Tomb Kings are, in my experience, the other most different start.
Skeletons CANNOT handle hyper aggressive starts to push the snowball off, you can't back up your main army with a secondary lord immediately, and your legendary lords and power units are generally incapable of the sort of momentum other races are. You will get rolled up and smashed by any heavy melee army like Lizardmen. You MUST sit passively for a bit, get units that aren't garbage and your second army before you even think about doing anything besides securing the immediate surroundings. There's mods that can give Tomb Kings more starting momentum, but, at that point balance discussions are out the window anyways.
Probably the only other notable difference is Be'lakor, but that's pretty much entirely on the back of whether you plan to use the portal early, and if so to where.

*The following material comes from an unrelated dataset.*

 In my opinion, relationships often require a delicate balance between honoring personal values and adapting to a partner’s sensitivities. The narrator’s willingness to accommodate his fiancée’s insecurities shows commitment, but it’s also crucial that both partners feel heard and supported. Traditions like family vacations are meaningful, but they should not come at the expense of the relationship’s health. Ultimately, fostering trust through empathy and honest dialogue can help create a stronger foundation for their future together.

Either go tall on Albion and make sure it's protected, before you drive your party bus into the Empire or into the penguins, or just start aggressively mulching Norsca.

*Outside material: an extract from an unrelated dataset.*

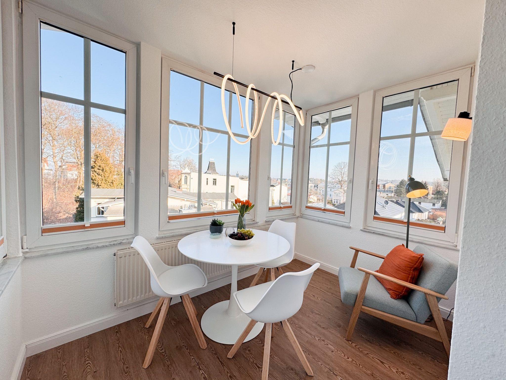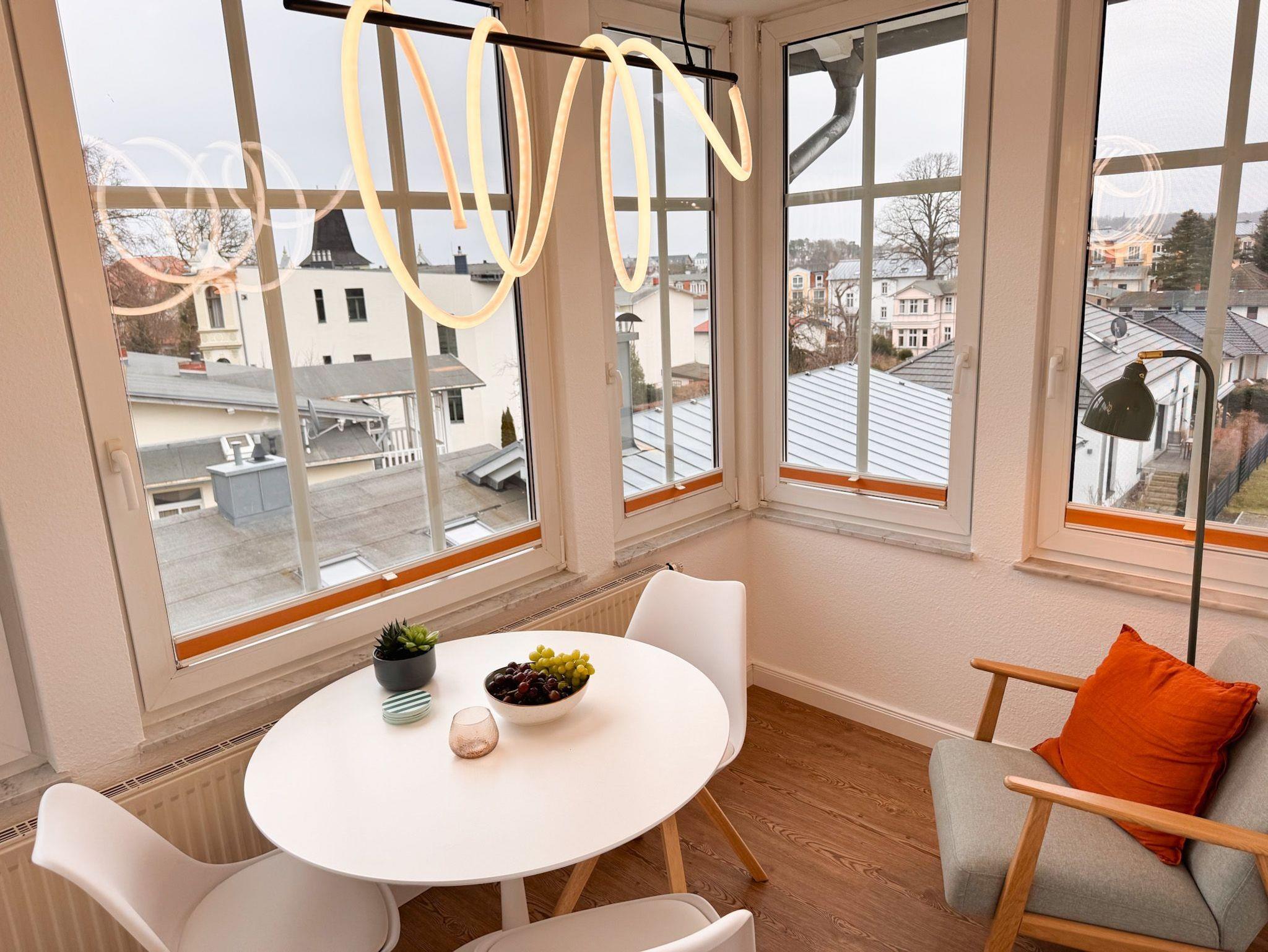 Moderne Ferienwohnung in kernsanierter Jugendstilvilla, 100 m vom Strand in Bansin, mit Tiefgarage und Fahrradkeller.

MAYBE N'kari, but that also is a bit of a weird one, built mostly on the very real concern of being pincushioned to death by archer spam and dying of chronic no replenishment, and considering fleeing the toilet to go eat Norscans for a while instead.
And the final particularly different one I'm aware of is Gor-Rok.
Gor-Rok is in the unique position of having the first 20-30 turns of battles handed to him for free. Kroak wins battles against tier 1 and 2 infantry on his own, and Gor-Rok himself can trade into anything and everything Kroak can't blow up. So you have the unique case of having your cake and eating it too; you get to push hyper aggression with Gor-Rok's army, while taking your own economy and development slowly and passively, with the main danger being Gor-Rok expanding so hard that it's impossible to cover everything.
This itself is actually just an opportunity in disguise, because a secondary Lord can start gaining experience early by retaking cities from damaged armies, since Gor-Rok doesn't need a full army to keep the pain train rolling. Him, Kroak, and a few skink paperweights to hold down balance of power are just fine.
Don't leave minor settlements on tier 1 in order to save points, because you save just one turn and you can build an extra building on each on your minor settlements and get some income, depending on what faction you play, and it only slows you down a little for the main province. Also, each minor upgrade reduces the time to get your population number.
For example, you see in this video that he needed 4 turns for one population but after he used it to upgrade a minor settlement he needed just one more turn for another population. Imho if you are in a safe spot and know your enemies won't attack you it's always worth upgrading the minor settlements to get both GROWTH and INCOME.
I've tried it in many different ways so far and this has worked the best for me. Having higher tier units available but not having the income to support it is meaningless, so don't rush unless you have some special building at that location, in the end, if you do rush it you only save 3 turns for your main province but you lose 3x upgrades which you can use to build income buildings, which in turn gives you more money for your armies to sustain and also build on your wealth. Keep in mind that the minor settlement upgrades also give more growth and income per turn. But I would not upgrade settlements that are very likely to be attacked soon, in that case, I would focus on the main province to make it stronger and build walls/garrison upgrades.
Hope this helps the new players. Cheers
I'm not a noob but still love these videos because i still learn and they fantastically done.
I'd like to thank you for having chosen to give more interest and to have shown more of campaign tutorials than ever. I know that you prefer tournament mp games but your advices, tips and strategies are more than welcome for those who prefer to build their empire without competing with humans. Thank you
Really? Never saw him doing tournament/mp games. Unless you mean mp campaign.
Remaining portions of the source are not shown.